From my physics (and engineering) background there's a key thing I've learned: all measurements are proxies. This is no different. We don't have to worry about this detail in most every day things because we're typically pretty good at measuring. But if you ever need to do something with precision, it becomes abundantly obvious. But you even use this same methodology in math all the time. Though I wouldn't say that this is equivalent to taking a hard problem, creating an isomorphic map to an easier problem, solving it, then mapping back. There's an invective nature. A ruler doesn't measure distance. A ruler is a reference to distance. A laser range finder doesn't measure distance either, it is photodetector and a timer. There is nothing in the world that you can measure directly. If we cannot do this with physical things it seems pretty silly to think we can do it with abstract concepts that we can't create robust definitions for. It's not like we've directly measured the Higgs either. But what, do you think entropy is actually a measurement of intelligible speech? Perplexity is a good tool for identifying an entropy minimizer? Or does it just correlate? Is a FID a measurement of fidelity or are we just using a useful proxy?
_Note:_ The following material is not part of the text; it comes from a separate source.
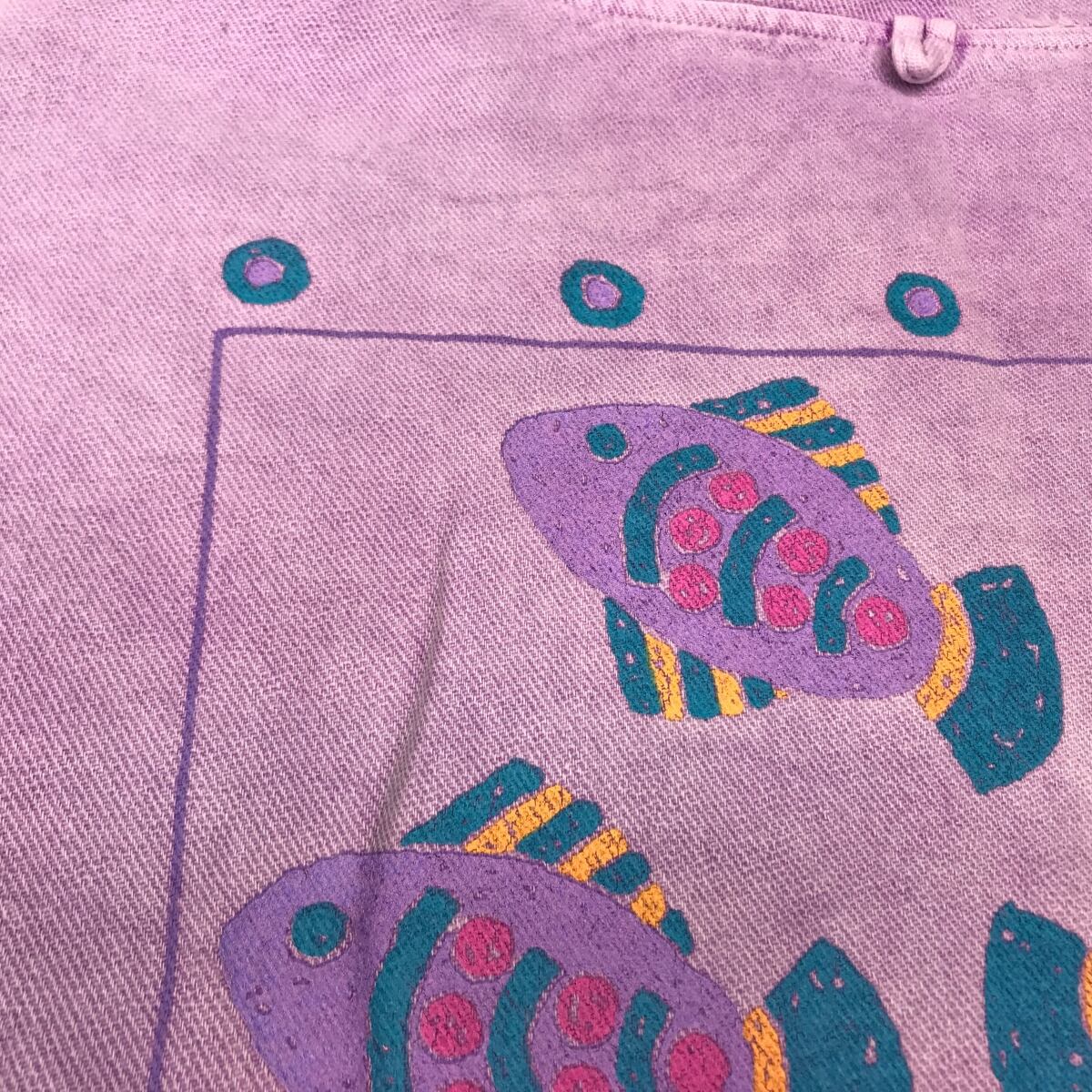FRESH PRODUCE フレッシュプロデュース 80〜90年代 USA製 後染め モックネック おさかなプリント コットンツイルカットソー パステルピンクパープル レディースXXL

I'm sorry, but I just don't think there are precise mathematical descriptions of things like natural English language or realistic human faces. I've developed some of the best vision models out there and I can tell you that you have to read more than the paper because while they will produce fantastic images they also produce some pretty horrendous ones. The fact that they statistically generate realistic images does not imply that they actually understand them.
> I'm no philosopher
Why not? It sounds like you are. Do you not think about metamathematics? What math means? Do you not think about math beyond the computation? If you do, I'd call you a philosopher. There's a P in a PhD for a reason. We're not supposed to be automata. We're not supposed to be machine men, with machine minds, and machine hearts. > This is a tremendous pain point ... researchers will live and die on standard benchmarks.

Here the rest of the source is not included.